You currently appear to be engaged in an edit war according to the reverts you have made on 2003 Fiesta Bowl. Note that the three-revert rule prohibits making more than three reversions in a content dispute within a 24 hour period. Additionally, users who perform a large number of reversions in content disputes may be blocked for edit warring, even if they do not technically violate the three-revert rule. If you continue, you may be blocked from editing. Please do not repeatedly revert edits, but use the talk page to work towards wording and content that gains a consensus among editors. Lucid6191 (talk) 00:54, 14 December 2007 (UTC)[reply]

The Call

So, you still think it was a good call. After Referee Magazine and NASO defended it. After sportswriters defended it. After the Big XII Press Conference validated the call. http://www.youtube.com/watch?v=NMvjADmxhVw shows video evidence that it was a good call.

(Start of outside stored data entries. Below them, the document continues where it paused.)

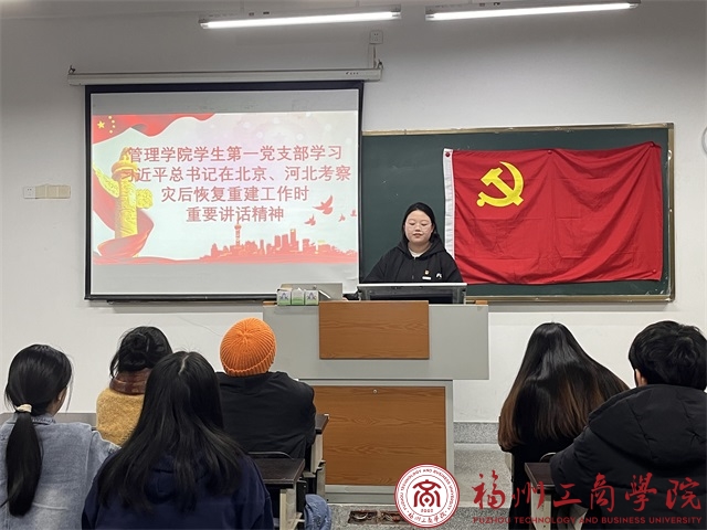 为深入学习习近平总书记在北京、河北考察灾后恢复重建工作时的重要讲话精神,发挥党员先锋模范作用,增强学生党员的服务意识。12月5日,yl6776永利集团学生第一党支部于教学楼F302开展关于习近平总书记在北京、河北考察灾后恢复重建工作时的重要讲话精神学习会。
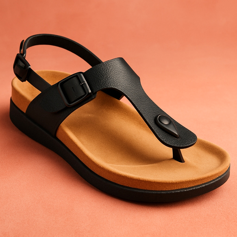 Nutná je silná podpora podélné klenby. Vyberte si ortopedické modely s jasně konvexní stélkou. Vyhněte se úplně plochým žabkám – problém jen zhorší.
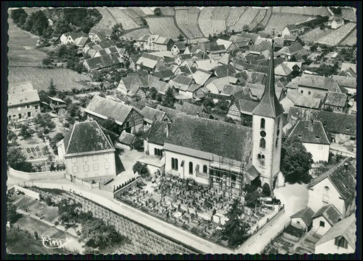 Motiv: Kirche Saint-Remi mit Friedhof und umliegenden Fachwerkhäusern, Luftaufnahme
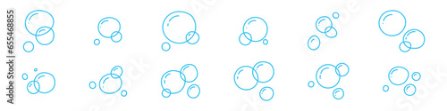 Soap Foam Bubbles Vector line Icon Set. Water drops. Soap foam, fizzy drink, oxygen bubble
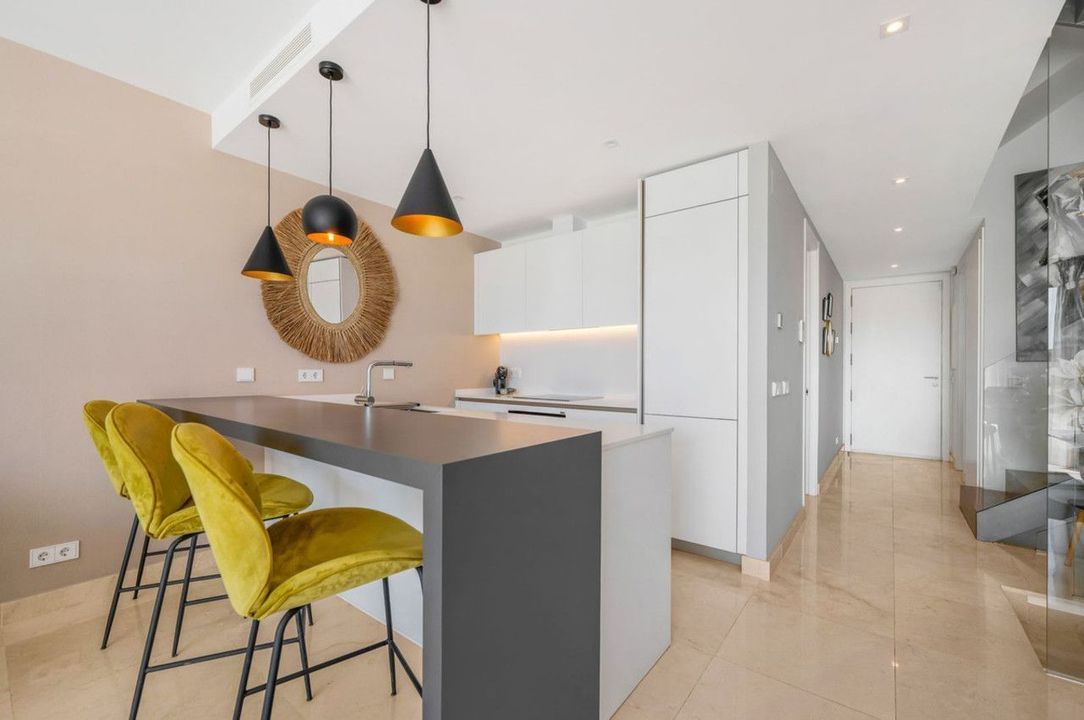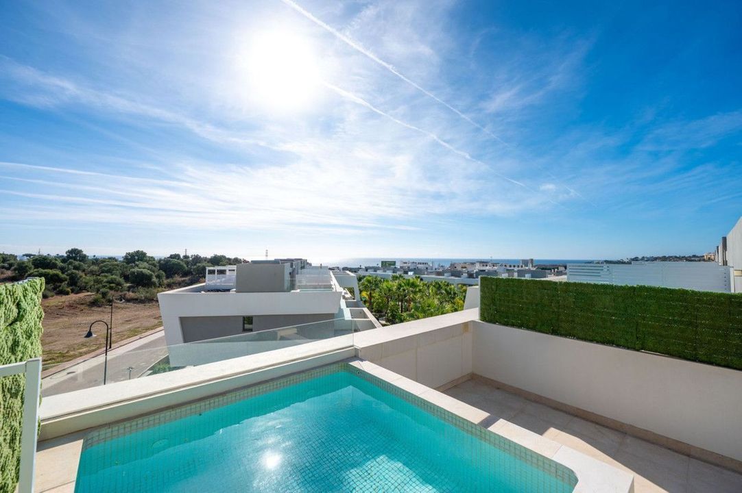 Ontdek dit uitzonderlijke herenhuis in het prestigieuze project La Valvega in Mijas Costa, op een steenworp afstand van tennisbanen. Deze moderne woning uit 2019 combineert naadloos doordachte architectuur met luxueus mediterraan wonen.
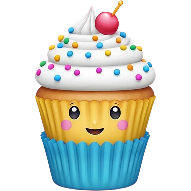 A 3D cartoon cupcake poster with bright colors, text and border design, flat layout, Memoji-style rendering. emoji
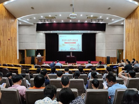 为切实增强广大党员干部及全院教职员工的纪律意识,根据校党委党纪学习教育有关安排,院党委书记贾冰首先在会上讲授了党纪学习教育专题党课。她从党纪学习教育的重要意义、条例相关条文的学习、典型案例剖析和学思践悟四个方面进行了讲解。她说,开展党纪学习教育是加强党的纪律建设、推动全面从严治党向纵深发展的必然要求;是教育引导党员干部学纪知纪明纪守纪,提高自身党性修养的必然要求;是加强师德师风建设,落实立德树人根本任务的必然要求。她阐释了政治纪律、组织纪律、廉洁纪律、群众纪律、工作纪律、生活纪律的内涵和要求,带领全院教师逐条学习了新修订的《中国共产党纪律处分条例》中与高校教师岗位息息相关密切相关的条文。在案例剖析环节,她通过近年来教育部公开通报的发表错误言论、学术不端、违规报销科研经费、违背公序良俗等典型案例,结合《中国共产党纪律处分条例》《事业单位工作人员处分暂行规定》《教育部关于高校教师师德失范行为处理的指导意见》《新时代高校教师职业行为十项准则》等进行了深入剖析。最后,贾冰围绕学、思、用贯通,知、信、行统一交流了自己的学习感悟,要求全体教职工守牢底线、不碰红线、追求高线,以优良教风带动优良学风,立德修身、铸魂育人。
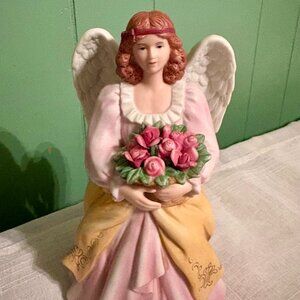 VINTAGE HOMCO #8806 Home Interiors Porcelain Angel With Roses Basket Figurine
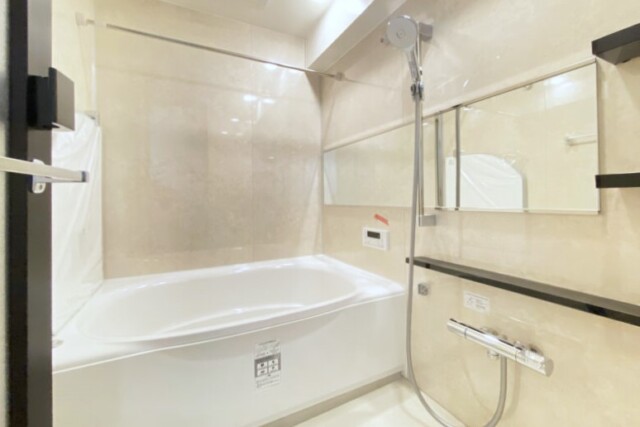 1317サイズの浴室は、優しい色合いのパネルに囲まれたリラックス空間。ゆったりと湯舟に浸かれば一日の疲れも洗い流せそうです♬ 追い焚き機能や浴室換気乾燥機などの便利機能も完備。これからの季節、天気を気にせず洗濯機を回せるのは助かります。
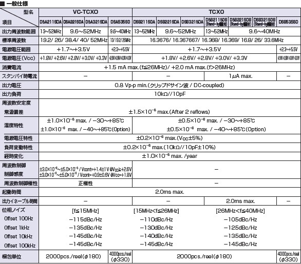 具有最適合于GPS用途的高穩(wěn)定的頻率溫度特性。 為對應低電源電壓的產(chǎn)品。(DC+1.8V ± 0.1V to +2.9V ± 0.1V 対応可能) 高度:最高0.8 mm、體積:0.0022 cm3、重量:0.008 g,超小型、輕型。 低消耗電流、表面貼片...

You're either a disgruntled Miami fan, or you're simply trolling Ohio State fans. Either way, Wikipedia is not the place for hearsay, bias, and homer drivel. If you think an ESPN reporter or so-and-so blasted the call, offer a source. "Link or lies." I have sportswriters, organizations, sports officials, and video evidence on my side. What do you have? Your cousin said he heard from a friend that Terry Porter has an illegitimate daughter who goes to Ohio State? Give me a break. Stop seeking validation. Miami lost that game fair and square.